Genome-wide SNP datasets for the non-native pink salmon in Norway
Data files
Feb 05, 2024 version files 78.66 MB
-
OGO-3RAD-D2-NEUTRAL-SNPS.vcf
-
README.md
Abstract
Effective management of non-indigenous species requires knowledge of their dispersal factors and founder events. We aim to identify the main environmental drivers favouring dispersal events along the invasion gradient and to characterize the spatial patterns of genetic diversity in feral populations of the non-native pink salmon within its epicentre of invasion in Norway. We first conducted SDM using four modelling techniques with varying levels of complexity, which encompassed both regression-based and tree-based machine-learning algorithms, using climatic data from the present to 2050. Then we used the triple-enzyme restriction-site associated DNA sequencing (3RADseq) approach to genotype over 30,000 high-quality single-nucleotide polymorphisms to elucidate patterns of genetic diversity and gene flow within the pink salmon putative invasion hotspot. We discovered temperature- and precipitation-related variables drove pink salmon distributional shifts across its non-native ranges, and that climate-induced favourable areas will remain stable for the next 30 years. In addition, all SDMs identified north-eastern Norway as the epicentre of the pink salmon invasion, and genomic data revealed that there was minimal variation in genetic diversity across the sampled populations at a genome-wide level in this region. While, upon utilizing a specific group of ‘diagnostic’ SNPs, we observed a significant degree of genetic differentiation, ranging from moderate to substantial, and detected four hierarchical genetic clusters concordant with geography. Our findings suggest that fluctuations of climate extreme events associated with ongoing climate change will likely maintain environmental favourability for the pink salmon outside its ‘native’/introduced ranges. Local invaded rivers are themselves a potential source population of invaders in the ongoing secondary spread of pink salmon in Northern Norway.
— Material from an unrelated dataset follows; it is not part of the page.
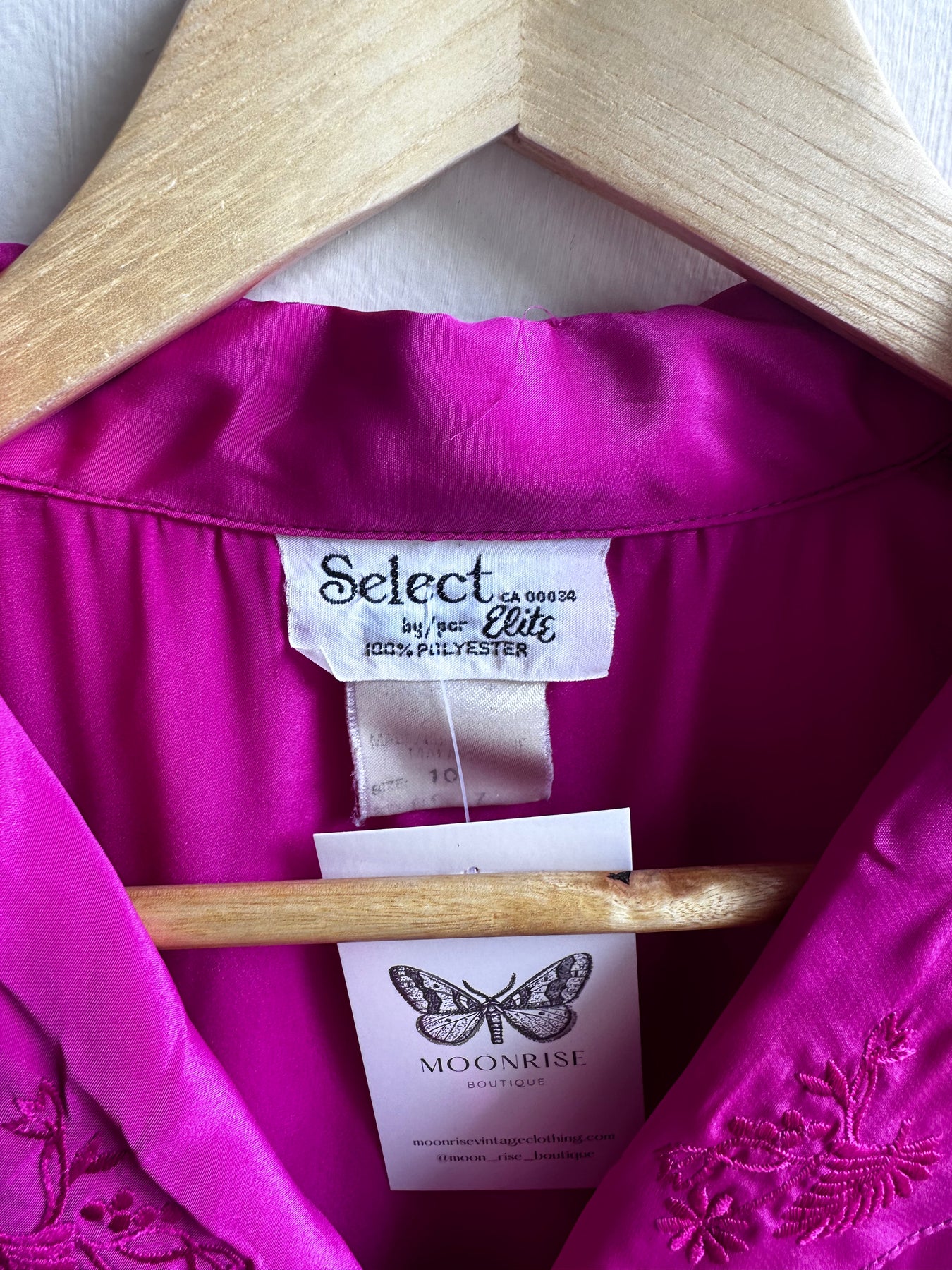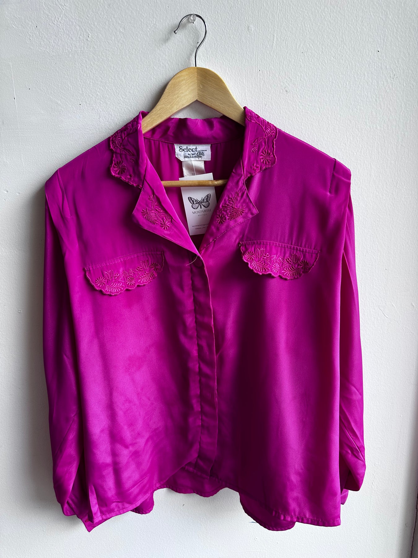 Make a statement in this vibrant magenta satin blouse, featuring delicate floral embroidery along the collar and faux pockets. The sheen catches the light beautifully, giving it an elevated feel, while the relaxed fit and flowy drape make it just as wearable with vintage denim as it is with a sleek skirt. A fun piece to dress up or down, with just the right amount of drama.

Our study shows that SDMs and genomic data can reveal species distribution determinants and provide indicators to aid in post-control measures and potential inferences of their success.
README: Genome-wide SNP datasets for the non-native pink salmon in Norway
The complete single nucleotide polymorphisms (SNPs) dataset underwent several filtering steps, including thinning SNPs to a density of one SNP per kilobase, removing closely related individuals, eliminating candidate paralogous regions of the genome (known as multi-site variants or MSVs), and excluding SNPs within non-chromosomal scaffolds. This resulted in a final panel of 43,719 polymorphic SNPs, with a genotyping rate of 0.98 and a sample size of 73 individuals. We eliminated all SNPs that were potentially influenced by selection, as determined by two genome scans for outlier tests. As a result, we obtained a final dataset consisting of 33,860 SNPs that were considered to be neutral. From this dataset, we derived a SNP subset dataset of 250 'diagnostic' SNPs with the highest locus-specific FST.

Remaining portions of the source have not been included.